During the initial development of the eagle-i ontology, there were many as yet unrecorded synonyms for eagle-i classes, which limited the capability of the system. While synonyms were available from existing ontologies, such as OBI, new terms or even imported terms did not always have every known synonym. To address this issue, additional synonyms were obtained from domain experts and large vocabularies such as Systematized Nomenclature of Medicine—Clinical Terms (SNOMED) and MeSH. These synonyms were added to the underlying eagle-i ontology so results would be returned when users searched for those particular terms or their synonyms. For example, if a user searched for a reagent that was used in ‘in situ hybridization’ and entered the abbreviation ‘ISH’, only one result would be returned based on text matching. Because of the inclusion of the synonym in the ontology, 135 additional reagent results are returned. It is important to note that these synonyms were added to the eagle-i ontology consistent with the orthogonal set of OBO Foundry ontologies.

Data curation

The eagle-i Curation team was responsible for ensuring that the data collected was within scope for inclusion, that it was annotated correctly, and that logical connections between the resource types were correctly associated. A summary of the number of resources inventoried at each site is given in Table 2. It is common for curation work to be performed by domain experts in the field who have the knowledge and experience to interpret the data itself. This necessary expertise must be balanced, however, with an understanding of the information science practices and technical realities central to modern curation work: archiving, indexing, data modeling, ontology development and usage, etc. The eagle-i Curation team brought varied educational and professional backgrounds to the project, which included expertise in biological sciences, Semantic Web technologies, library and information science and medical informatics. The central Curation team was located at OHSU and Harvard. This diversity was needed to build out the system. However, a staff of this size would not be required for on-going curation for nine sites after the initial pilot stage.

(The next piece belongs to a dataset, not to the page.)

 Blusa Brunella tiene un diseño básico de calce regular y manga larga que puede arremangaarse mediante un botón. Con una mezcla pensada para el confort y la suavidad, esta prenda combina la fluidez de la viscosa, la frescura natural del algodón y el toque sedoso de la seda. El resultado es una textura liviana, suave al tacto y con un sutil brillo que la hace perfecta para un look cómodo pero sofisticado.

New distributed projects should not underestimate the utility and cost of face-to-face time when it comes to data annotation and quality assurance (QA) training. Frequent and planned communication is key, especially with regard to new guidelines or functionality, to ensure that the data is consistently and accurately annotated. In this technological age, communication via email, teleconference, and videoconference is convenient and economical. However, there is still benefit to in-person interactions. For example, the technical lead on the Biodiversity Heritage Library spends 50% of his work time traveling to meet with project partners in order to ensure that data standards are met and communicated (Chris Freeland, personal communication). In the context of the eagle-i pilot project, we leveraged in-person training and the aforementioned methods to facilitate communication and quality data entry in the eagle-i system.

The development of the eagle-i curation workflow and guidelines was an iterative process. The earliest guidelines were compiled in a document but not closely adhered to, leading to inconsistent or poorly annotated data. When the Data Collection tool came online, the guidelines were integrated as online help for greater visibility. The online help was intended to facilitate both data entry and curation; greater awareness of the standards enhanced data consistency. The current online guidelines for eagle-i data entry and curation are available here: http://bit.ly/eicurationguidelines.

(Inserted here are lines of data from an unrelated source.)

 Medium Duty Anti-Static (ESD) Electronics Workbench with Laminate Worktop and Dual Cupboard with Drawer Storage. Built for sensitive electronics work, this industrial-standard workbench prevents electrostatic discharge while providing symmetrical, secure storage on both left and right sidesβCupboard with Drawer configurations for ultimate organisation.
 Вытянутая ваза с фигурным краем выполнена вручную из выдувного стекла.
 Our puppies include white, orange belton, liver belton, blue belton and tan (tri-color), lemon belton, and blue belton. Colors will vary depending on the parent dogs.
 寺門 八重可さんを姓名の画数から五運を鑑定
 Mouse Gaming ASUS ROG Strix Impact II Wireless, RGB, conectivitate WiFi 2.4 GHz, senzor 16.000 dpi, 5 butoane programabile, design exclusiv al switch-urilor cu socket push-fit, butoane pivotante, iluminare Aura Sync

The initial data collection efforts emphasized quantity and diversity above all else. This was necessary since a significant amount of data was needed to define the parameters of the ontology and of the system itself. Stricter guidelines were later developed regarding the type of resources and data annotations that were to be included. Quality, not quantity, became the overriding factor in determining which data to incorporate and guidelines were enhanced to help the Resource Navigators and Curators determine what type of data were suitable for inclusion in eagle-i. At this time, the Curators needed to ensure that an adequate amount of information was included in each record and that the information was consistently annotated. Within each record, there were both required fields and highly desired fields. Highly desired fields were not required in order to allow flexibility, yet they helped guide users to the types of data that would make the record more meaningful from a search perspective. Decision trees illustrating the resource properties provided guidance for proper annotation of each resource type (Figure 3).

Figure 3.

Decision trees were used to assist with data collection and curation. (A) Decision tree legend. (B) The decision tree for biological specimens. Required and highly desired fields are indicated by green and blue colors, respectively. Each resource type had 2–3 required fields, between 4–8 highly desired fields and the other fields were considered optional or applied only to specific subtypes of resources.

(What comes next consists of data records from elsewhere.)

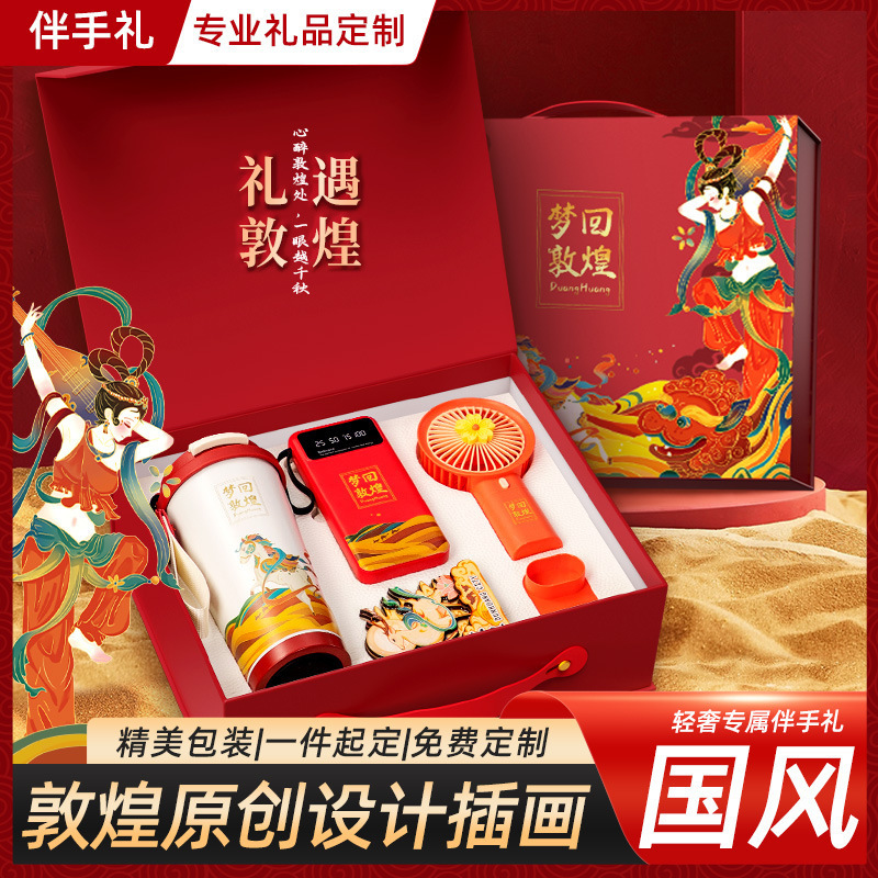Guochao ビジネス ギフト セット、夢の敦煌冷蔵庫用マグネット、実用的な小さなギフト、カスタマイズされたロゴ、顧客へのお土産
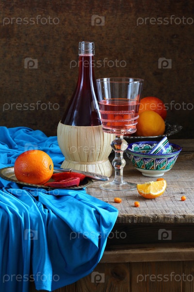 Натюрморт с вином и красными апельсинами
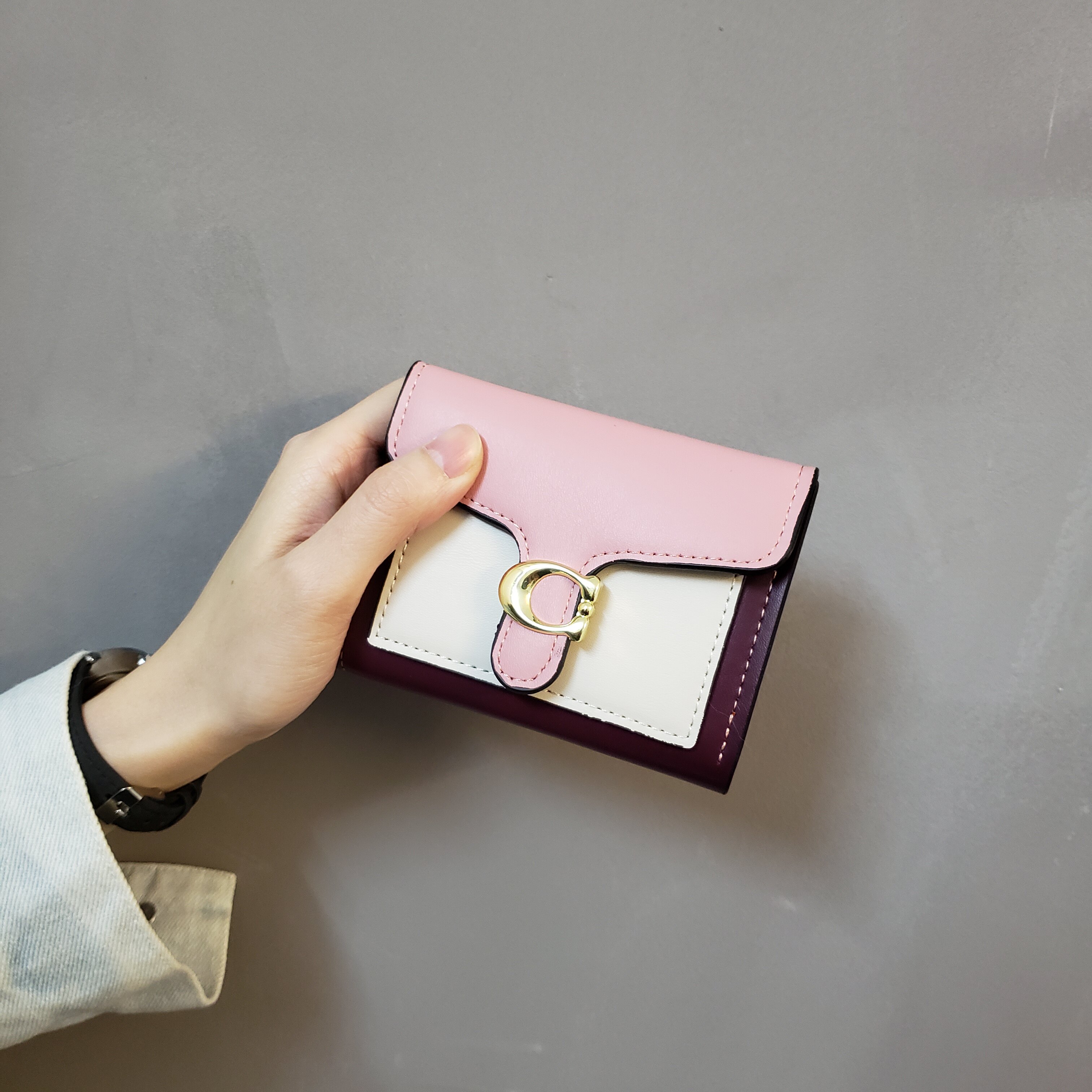 Solid Color Short Wallet for Women, Korean Style New Foldable Large-Capacity Student Wallet, Niche Design Patchwork Small Wallet Trendy
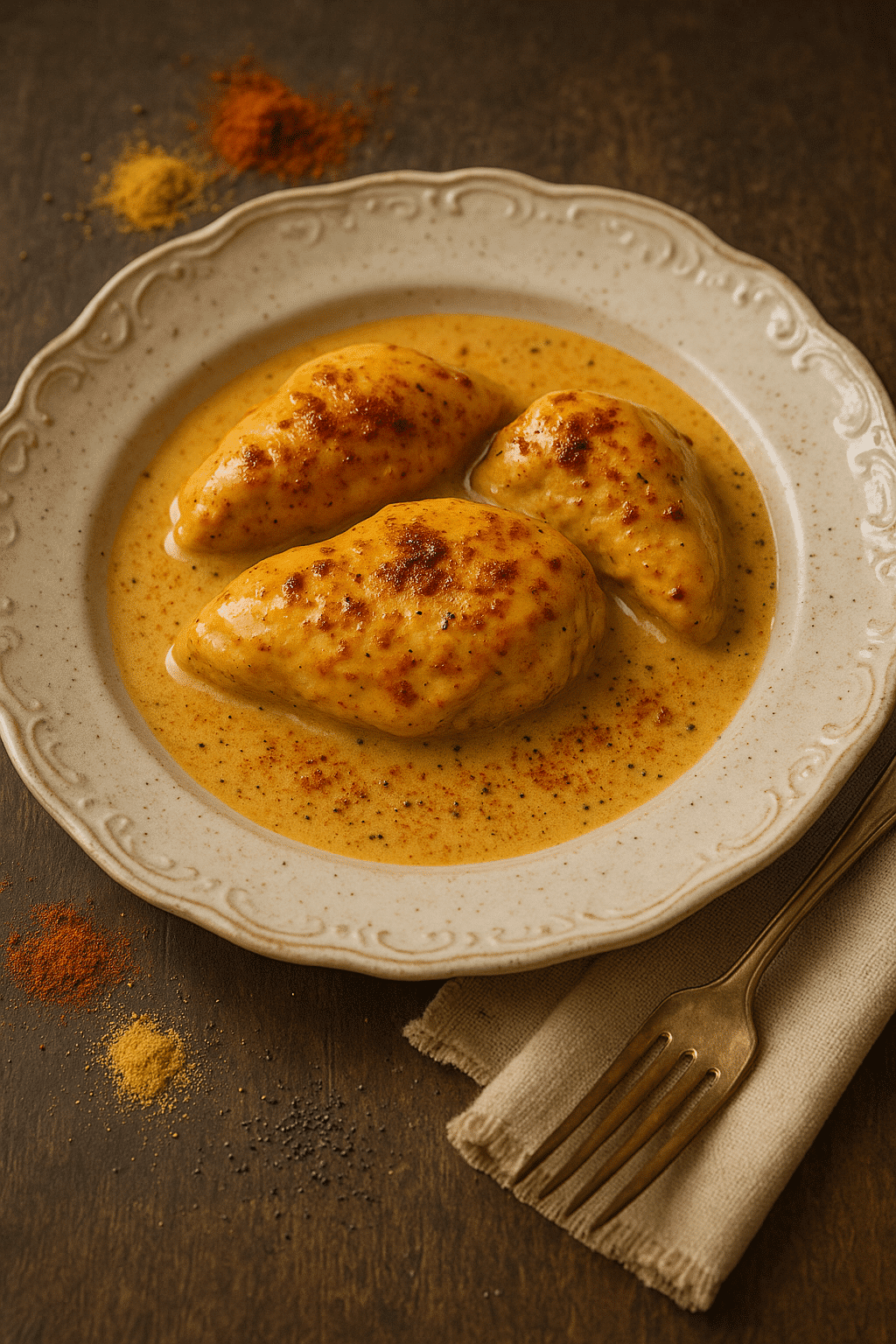 Le poulet fermier soutient la vitalité, le paprika fumé apporte des antioxydants naturels, et la crème (ou sa version végétale) offre une touche d’onctuosité bien tolérée.

Exclusively leveraging the user community for contribution to the database may have been logistically simpler than employing Resource Navigators, but would have presented quality issues due to the distinct lack of structured terminology within the community. Similar database projects, such The Immune Epitope Database and Analysis Resource (IEDB) (www.immuneepitope.org), have reported that inconsistent usage of terminology by the community led to reproduction of work and inconsistently annotated resources (21). Relying upon contributions from the community could also potentially lead to not only increased inconsistency but also fewer contributions in general. The Neuron Registry has experienced this as the number of new articles contributed has markedly declined over time (http://pons.neurocommons.org/page/Neuron_registry). While some select lab users were trained to perform data entry into the eagle-i system, the majority of data was collected by Resource Navigators to produce better and more voluminous data. The use of Resource Navigators resulted in the substantive information about real resources that was required in order to build the ontology and user interfaces.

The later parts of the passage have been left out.